Study Cites Benefits of Soccer Stadium, but Some Doubts Raised

By Ovetta Wiggins
Washington Post Staff Writer
Wednesday, September 24, 2008

A professional soccer stadium in Prince George's County could draw up to 840,000 attendees annually, employ more than 1,300 workers and bring in as much as $6 million in state and county taxes each year, according to a feasibility study released yesterday by state officials.

The Maryland Stadium Authority commissioned the study after County Executive Jack B. Johnson (D) asked for an analysis of the potential economic impact of relocating D.C. United to Prince George's.

Aides to Johnson said he hoped the study would lend support for such a move. D.C. United has sought for more than a year to relocate from its home at RFK Stadium.

"We'd love to have them," David Byrd, the county's deputy chief administrative officer for economic development, said yesterday as the report was delivered to the County Council.

But the only two council members to respond to the report, Thomas E. Dernoga (D-Laurel) and Eric Olson (D-College Park), said they doubted that the stadium would be as beneficial as the study suggests.
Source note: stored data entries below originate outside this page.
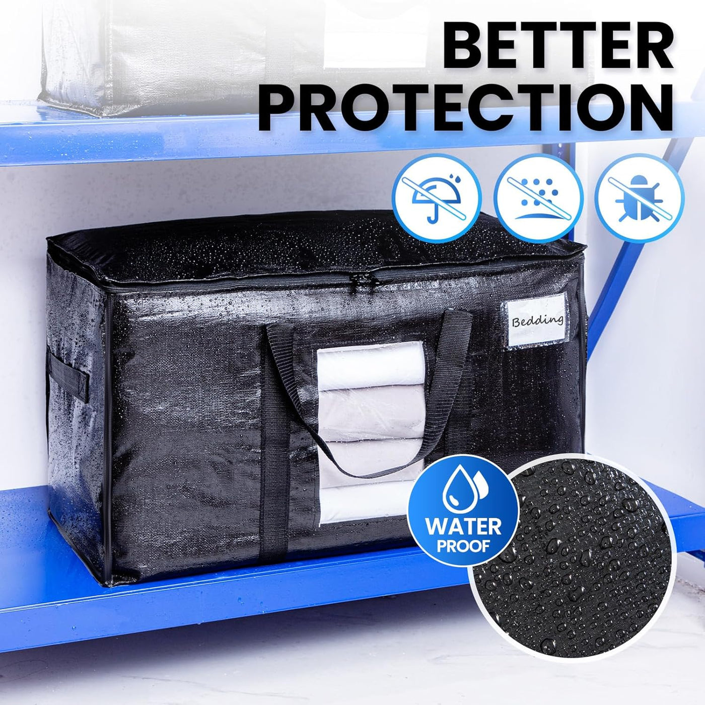 [Durable & Heavy Duty]: Each extra large storage bags is made from PE woven material,which is waterproof and tear resistant, Different from other bags on the market, our bags use 3-layer sewing technology to deal with zipper, long carry handles, and side straps, to ensure that the bag body has sufficient load-bearing capacity and tear resistance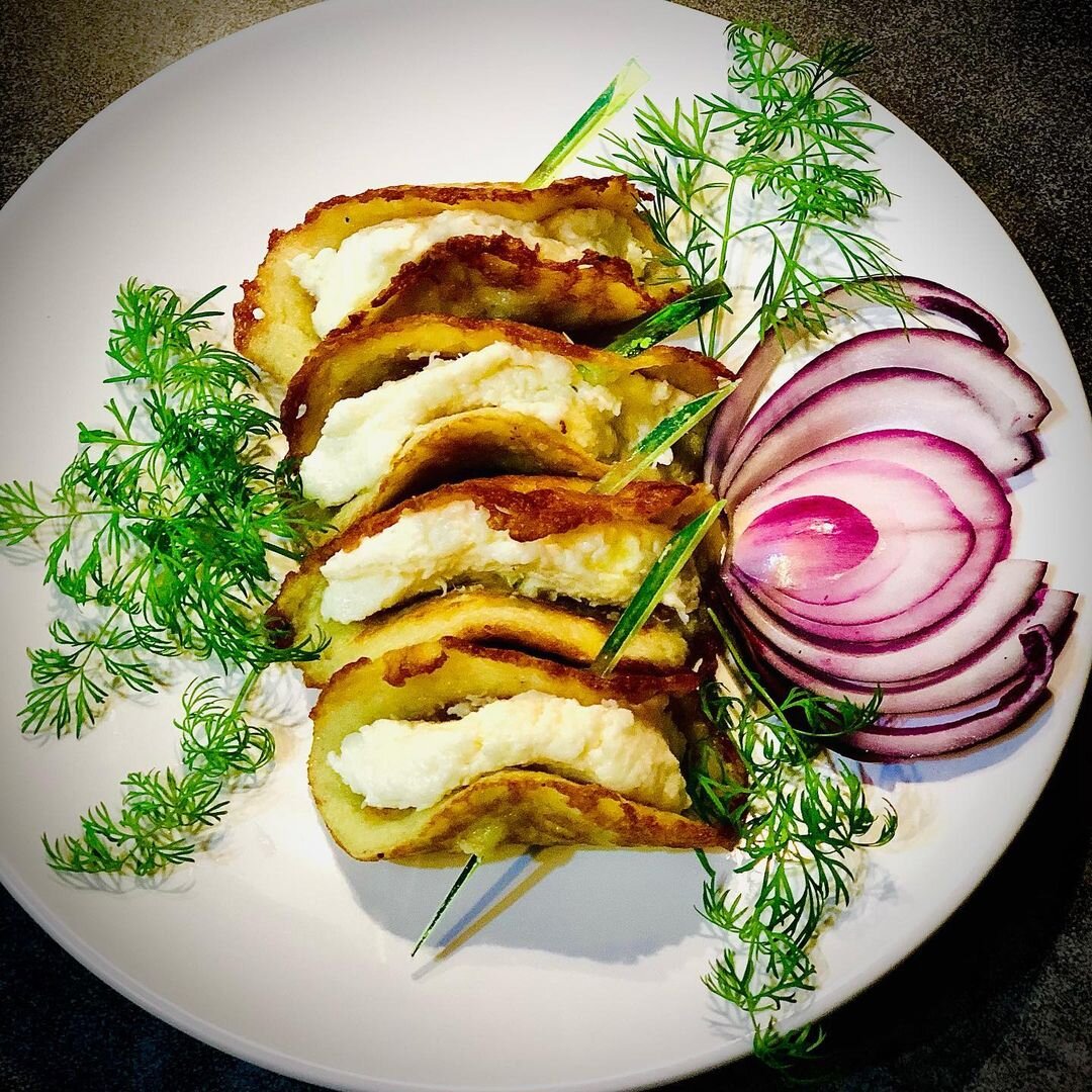 5. Готовые драники немного остудить. Начинить пастой "Крем-Фиш" и сложить "лодочкой". Закрепить края зубочисткой;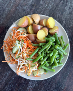 Leg de wortel, komkommer, taugé en bosui bij de aardappelen en sperziebonen op het bord.- Schenk de pindasaus over de groenten en verdeel de eieren over het bord.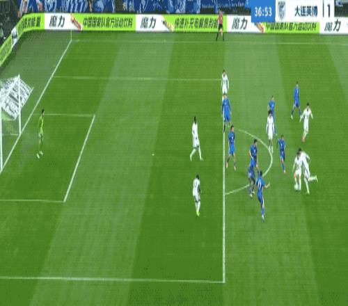 第87分钟,杨皓宇的传球打穿大连英博的防线,盖耶助攻拉唐梅开二度。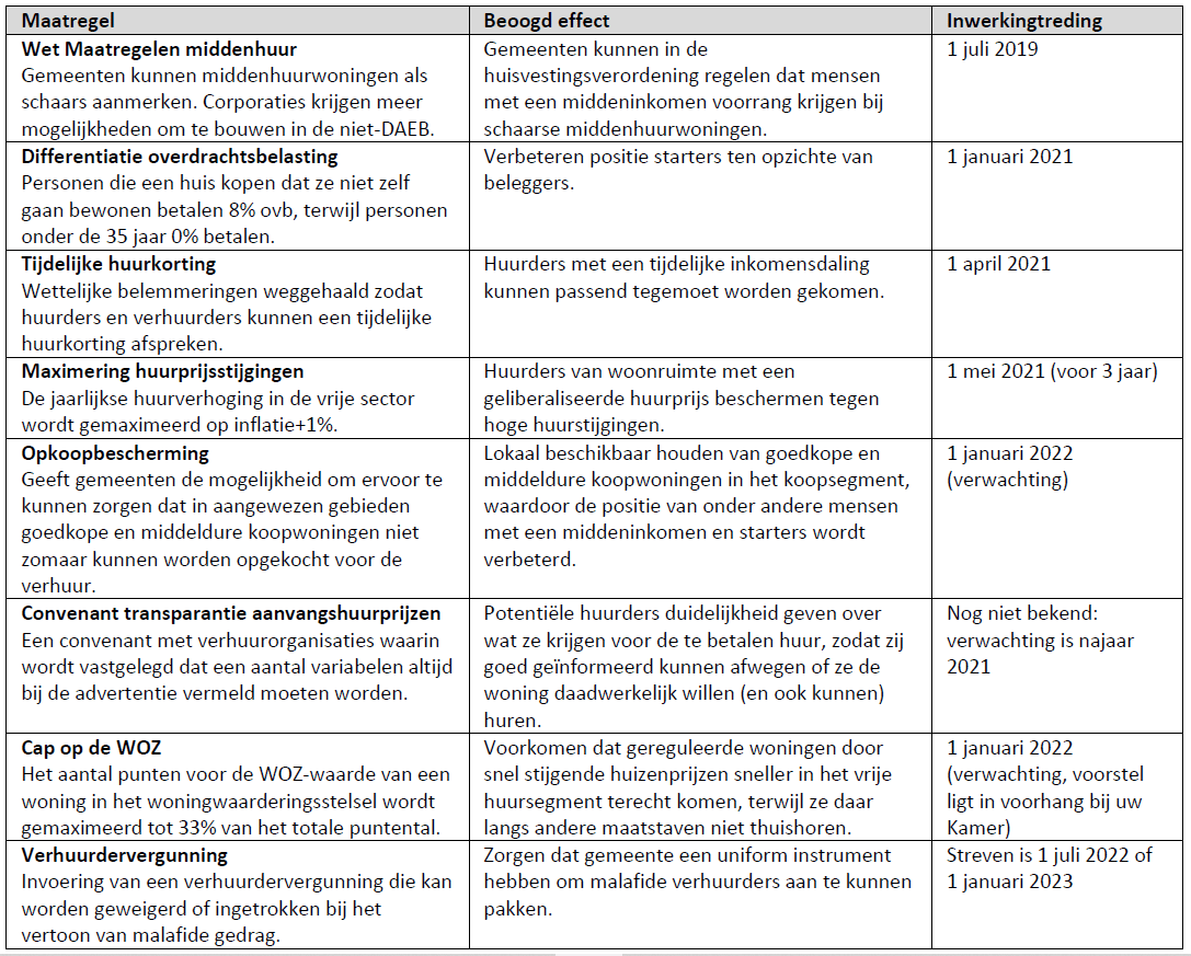 Minister Ollongren heeft ze allemaal nog een keer op een rij gezet. Ze zegt hierover: “Omdat deze maatregelen kortgeleden zijn ingegaan of nog moeten ingaan, is nog niet altijd duidelijk wat het precieze effect van deze maatregelen is op de betaalbaarheid van de huurder en de investeringsbereidheid van de verhuurder. Bij het formuleren van nieuw beleid is het van belang dat goed gekeken worden hoe de verschillende maatregelen op elkaar inwerken. Er moet worden voorkomen dat door een stapeling van maatregelen het doel niet wordt bereikt.”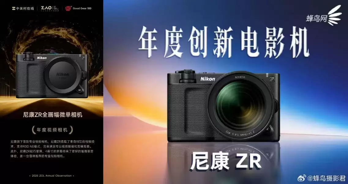 在视频与专业创作领域,尼康ZR获得蜂鸟网“年度创新电影机”、热点科技“年度编辑推荐奖”、科技视讯“年度最佳电影机奖”、佳友在线“年度最佳全画幅视频机”等认可。作为尼康面向高规格视频创作打造的专业机型,ZR集成先进影像处理能力与完善的视频功能配置,兼顾画质表现与系统稳定性,在多个媒体年度榜单中的持续入选。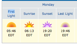 Screen Shot 2014-10-20 at 1.58.12 pmNotice how energy starting to be produced just before 5AM. Well, this is a problem, since according to the almanac, first light is not until 5:46AM, and sunrise is not until 6:13am! Therefore, according to the portal, the solar system is generating in the pitch black for about an hour, and then generating energy pre-dawn for another 30 minutes. We do not have the data yet, bit it is a fair assumption that the timezone data is incorrect. Given that the timezone is entered as a zone, I suspect that their timezone database is actually wrong.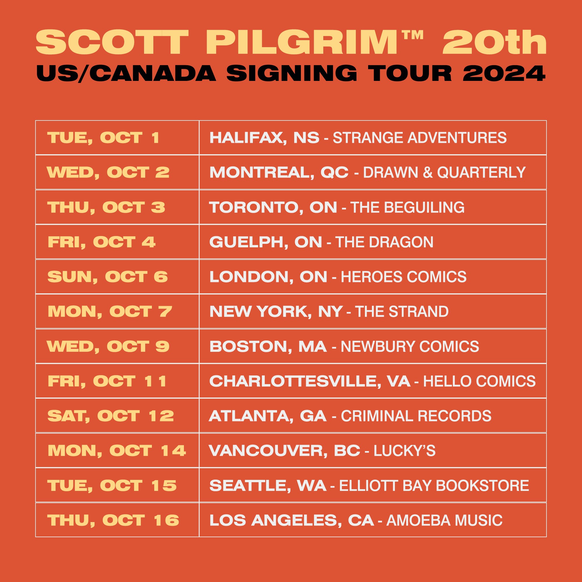 O'Malley will be visiting 12 comic shops and bookstores in Canada and the US during the month of October. The full list of appearances is below: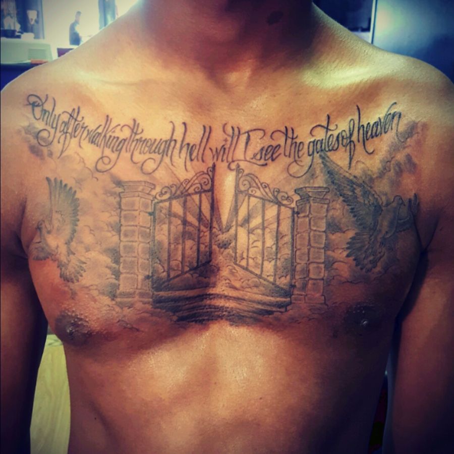 Gates of heaven chest piece that says at the top "Only After Walking Through Hell Will I See The Gates Of Heaven"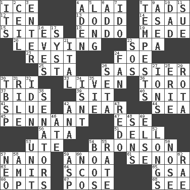 ACROSS 1. Frozen water 4. Jai _ 8. Bits 12. "___ Little Indians" 13. Texas town _ City 14. Son of Isaac 15. Settings 18. Inside; within (prefix) 19. Ancient Persian 20. Imposing or collecting, as a tax 22. Health resort 23. Take ten 24. Enemy 25. R.R. building 26. More impudent 30. Three (prefix) 33. Make or become more lively 36. "Corrida" creature 37. Auction offers 39. Be seated 40. In a ____ (agitated or irritated) 41. Turn sharply 42. Approach 44. Ocean 45. Pre-World Series prize 47. Compass dir. 50. _ moment's notice (2 wds.) 51. Small valley 53. Shoshoni 54. "Death Wish" actor 57. Billionth: prefix 59. Small Philippine buffalo 61. Sir (Sp.) 63. Arab leader 64. Native of Scotland 65. Girls' org. (abbr.) 66. Chooses 67. Introduce or present, as a question 68. Observe DOWN 1. ___ a Wonderful Life 2. To provide with a ceiling 3. Keyboard key 4. An important port of Yemen 5. Protracted 6. Say or write further 7. Wedding promise 8. Storms 9. At sea 10. Male parent 11. Institute legal proceedings 16. Nights before holidays 17. System (abbr.) 21. Slanted text style (abbr.) 22. Mayday 24. Air blower 26. Stalk of a moss capsule 27. Charged particles 28. 4th largest of the Great Lakes 29. Roll call or roster of names 30. Cook's measure (abbr.) 31. Cause heat under the collar 32. Goddess of spring and wife of Bragi 34. Is not 35. Compete 38. Legislators 42. Santa ___, CA 43. Redecorate 46. Had dinner 48. Elected reps. 49. Otherwise 52. Yearns 53. A single undivided whole 54. Expressions of contempt or scorn 55. Pace 56. Sense of smell 57. Modern: prefix 58. Electrical Unit 59. Cleo's killer 60. Non-commissioned officer (abbr.) 62. Actress Charlotte

Olson noted that, although the study projected that the stadium could host up to 63 events annually, D.C. United has only 15 regular-season home games a year.

"I guess I'm a little skeptical about that," Olson said.

He said fewer events have taken place at the University of Maryland's Comcast Center than were projected before its opening in 2002. "We haven't seen the concerts and other events" that were expected, he said.

Gary A. McGuigan, the stadium authority's project manager, said D.C. United hosts tournaments in addition to regular games and pointed out that lacrosse games and NCAA and international soccer games could be held at the stadium, according to the study. He said 10 women's soccer teams that play in Montgomery County have expressed an interest in moving their games to a new stadium.

The study did not mention where such a stadium might be located. It also did not provide any information about who would pay for its construction. Byrd said Johnson wants the team to build near the Metro station in Greenbelt or New Carrollton, where it could anchor a mixed-use development.

D.C. United has been negotiating with D.C. Mayor Adrian M. Fenty's administration on a proposed stadium at Poplar Point in Southeast Washington. Talks stalled last year over the financial terms.

Aides to Fenty have developed a package in which the District would spend $150 million in public money on a 27,000-seat stadium and hotel, but Victor B. MacFarlane, the team's managing principal, has sought $225 million in public subsidies.